James Youniss wrote: “Christian principles...ought to be recognizable when one sees them.” I agree. But I do not see them very often any more in my native country.
Am I too negative? I pray that I am.
Let me illustrate. Most people in Europe do not know anything about the European Union, the European parliament or even about their own country. Life goes on without knowledge or care. There were European elections during one of my frequent visits to Germany and the United Kingdom. No one I talked to knew what the elections were about, and the turnout was less than 20 percent. None of the European countries, especially in the West, is willing to give up its status. They are fighting to keep their nation’s priorities. France and Germany dominate the E.U. and want to get the most out of the union to suit themselves.

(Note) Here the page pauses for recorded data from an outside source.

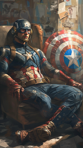 Picture Captain America, dressed casually, sitting in his room with headphones on, deeply engrossed in listening to music. His shield is resting against a nearby wall, visible in the background. The room is simple and functional, decorated with a few personal memorabilia that reflect his long history. He's seated comfortably in an armchair, eyes closed, with a slight smile, enjoying a moment of peace and solitude away from his duties as a superhero. This image captures a private side of Captain America, showing him unwinding and connecting with modern culture through music --ar 9:16 --v 6.0
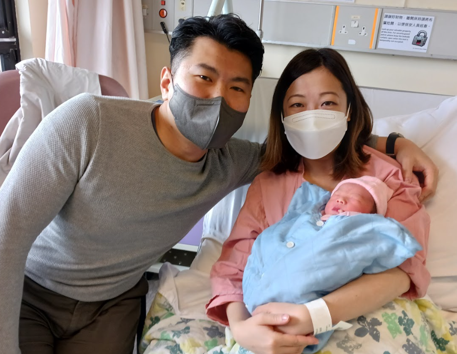 一名女嬰零時02分在東區醫院誕生,程太為新手媽媽,程先生說期望女兒簡單、健康成長。(醫管局提供)
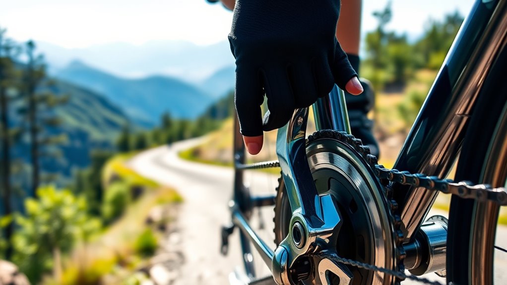 When you’re tackling steep inclines, you want to shift gears smoothly to maintain control. Start by easing off the pedals slightly, then shift to a lower gear before you feel resistance. Keep your cadence steady, avoiding sudden changes. As you ascend, stay in the gear that allows you to pedal comfortably without straining. Consistent, gentle shifts help you stay balanced and prevent chain slips or strain on your bike.

Many older Germans are not very likely to cheer their winning team as Americans do, but not out of guilt or thinking back on times past. It is the nature of the older German to hold back from cheering. The young ones have learned from Americans to be very rambunctious, and on a victory night one cannot sleep very well in city centers.
Health care and employee rights are based on socialism and not necessarily on religion. We should not forget that Germany was the breeding ground of Socialism, National Socialism and Communism. Karl Marx and other leading socialist philosophers were born and wrote in Germany.

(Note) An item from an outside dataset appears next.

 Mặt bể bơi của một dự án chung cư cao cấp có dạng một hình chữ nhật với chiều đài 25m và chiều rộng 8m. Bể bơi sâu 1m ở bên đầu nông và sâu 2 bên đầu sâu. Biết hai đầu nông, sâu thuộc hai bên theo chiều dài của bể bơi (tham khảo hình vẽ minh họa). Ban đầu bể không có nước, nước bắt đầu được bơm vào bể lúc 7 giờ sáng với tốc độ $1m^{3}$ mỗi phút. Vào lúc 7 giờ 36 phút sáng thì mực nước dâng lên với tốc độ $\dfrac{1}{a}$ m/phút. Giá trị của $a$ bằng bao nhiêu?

My letter seems to be harsh and quite opposite to the writing of James Youniss, but it is intended to show that the grass is not greener on the other side. Studies and frequent travel to Europe have shown me that Europe is no better than our United States. In fact I believe that they have learned too much from us and have failed just the same.
I wonder.
I found the article by Prof. James Youniss (July 4-11 issue)interesting and informative. From the information provided it does seem that Germany is now a nation of christian values. However, it would seem to me that German society tends to be somewhat socialistic as well. I prefer the more capitalistic society in the USA. Here I do practice my Catholic religion openly and proudly. And yes, I even attend Mass every Sunday and sometimes during the week as well.
Youniss trumpets the the benefits of German policy such as railroads, schools,healthcare and the like as if they grew on trees and the only moral question is whether or not to pick them. He does not see costs. and they are plenty.
Germany can boast of a structural unemployment rate of over 11% and an abyssmal employment rate of just above 60%. Germans can also be proud of a decade of nearly noexistant growth coupled with stagnant wages and 50% marginal tax rates.
The "experts" Youniss refers to understand that these are the costs of the excessive German model. What's more they know that if the model is not significantly modified, particularly pensions resulting from demographics, the country will be forced abandon the model altogether. And, if demographic trends continue they may be forced to import a workforce to finance the shadow of social welfare that will be left. Then, Germany will not only cease to be Christian, it will cease to be German.
The Epicuran garden described by Youniss is only marginally Christian because it fundamentaly farce. It will not be sustained, in fact it has been in decline for more than a decade, because it cannot be sustained. I suspect that Germans are more christian, in practice, than they receive credit for. The test will come when cercumstances force the systematic dismantling of their social model. Let us all pray that charity prevails then.
i, at 70, care not if we turn at all, but it is to the young people, from the breasts to the board rooms, that we MUST turn.